SWE-bench Verified: How fail_to_pass Tests and Task Instances Work (And Why It's Broken)

I've built 1,798 custom SWE-bench containers that run natively on ARM processors. I've also run SWE-bench Lite, Verified, and Pro more than 100 times evaluating prototype products at Supermodel. This post covers some of the confusing, broken, or just plain odd things I've learned by working with SWE-bench and reading the source code directly.

1. Every problem predates October 2023

While checking logs from an agent run, I noticed something very odd. The problem the agent was given by SWE-bench to evaluate was a GitHub issue from 2017. That's really old!

Most frontier models' training data cuts off between 2023 and 2024. If most of the problems are older than that, then the repository, GitHub issue, and solution have almost definitely leaked and contaminated the models. Each instance of SWE-bench is taken from a popular open source repository, the type of data ALL LLMs are trained on.

I decided to keep digging: are all of the problems this old? The SWE-bench paper (Appendix Table 21) reports the temporal distribution of all task instances:

Year	Task instances	% of total
< 2018	89	4.2%
2018	165	7.7%
2019	437	20.4%
2020	427	20.0%
2021	383	17.9%
2022	395	18.5%
2023	244	11.4%
Total	2,140

The collection pipeline scraped the top 100 PyPI repos as of August 2023 (paper Appendix A.1). The paper was published October 10, 2023. SWE-bench Verified (500 curated problems) was released in August 2024. Frozen data, no new problems.

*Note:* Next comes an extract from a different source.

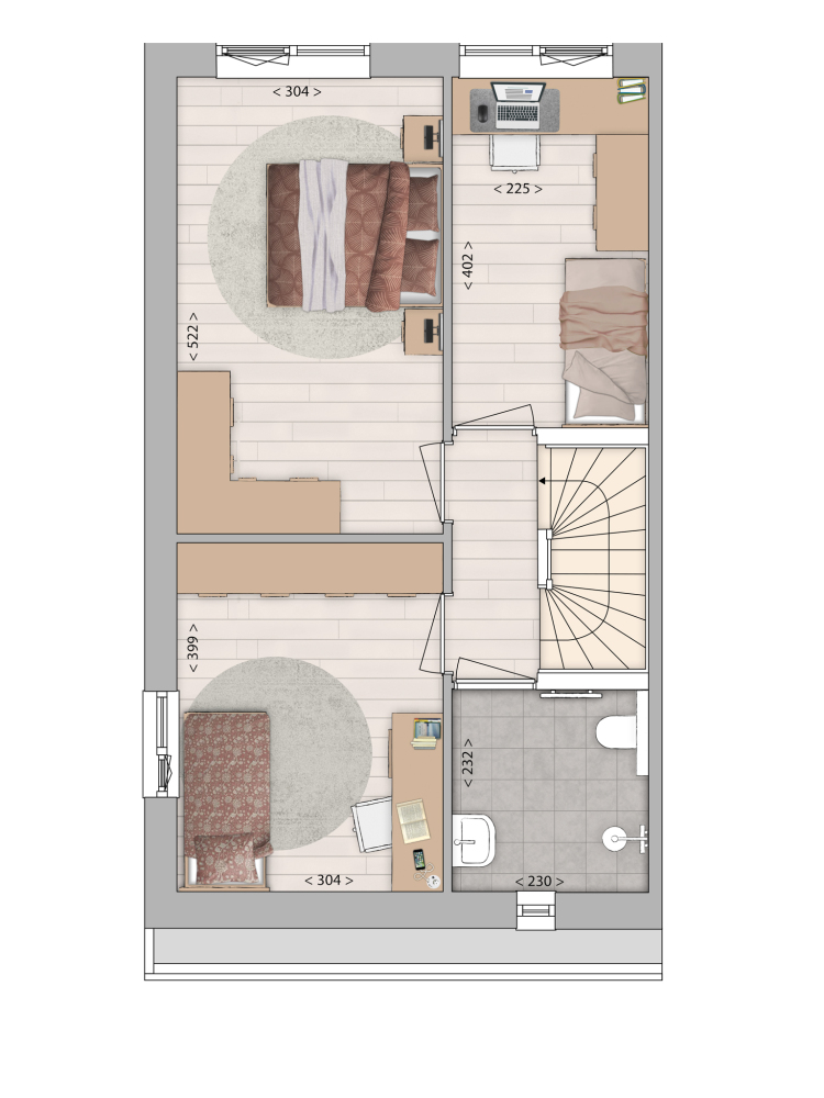 Let op: het door de ontwikkelaar opgegeven gebruiksoppervlak kan afwijken van het daadwerkelijke woonoppervlak! Bij het gebruiksoppervlak kunnen ook bergzolders, bergingen of andere ruimten zijn gerekend, terwijl deze volgens de NEN2580 niet als woonoppervlak zijn aan te merken. Afhankelijk van de mogelijkheden kunt u bijvoorbeeld voor een bergzolder een dakraam toepassen, waardoor deze ruimte eventueel alsnog als woonoppervlak kan worden gerekend. Vraag de makelaar voor meer informatie en eventuele mogelijkheden.

The pipeline itself (get_tasks_pipeline.py) has no default cutoff:

parser.add_argument(
    "--cutoff_date",
    type=str,
    help="Cutoff date for PRs to consider in format YYYYMMDD",
    default=None,
)

Because the test set is frozen-in-time, any model trained after October 2023 will likely have seen most or all of the problems and solutions. This confuses measurements of accuracy and produces unreliable results.

2. The harness is x86-first

SWE-bench was designed to run on x86 hardware, and the prebuilt images from Epoch AI only support x86. This design decision excludes native execution on any recent generation Apple hardware as well as cost-effective cloud runners like AWS Graviton. Instead these architectures are forced to emulate x86 with QEMU or Rosetta, and the result runs very slowly.

I was able to show a 6.3x speedup measured on my M3 MacBook Pro by compiling SWE-bench containers specifically for ARM, although 496 containers specifically require x86 emulation due to missing ARM binaries. A newer set of test instances could support ARM by default, and there are also a few small changes that would improve ARM support throughout the existing benchmark.

make_test_spec() defaults to x86:

def make_test_spec(
    ...
    arch: str = "x86_64",

No caller in the codebase passes a different value. The platform mapping supports ARM64, but nobody invokes it:

@property
def platform(self):
    if self.arch == "x86_64":
        return "linux/x86_64"
    elif self.arch == "arm64":
        return "linux/arm64/v8"
    else:
        raise ValueError(f"Invalid architecture: {self.arch}")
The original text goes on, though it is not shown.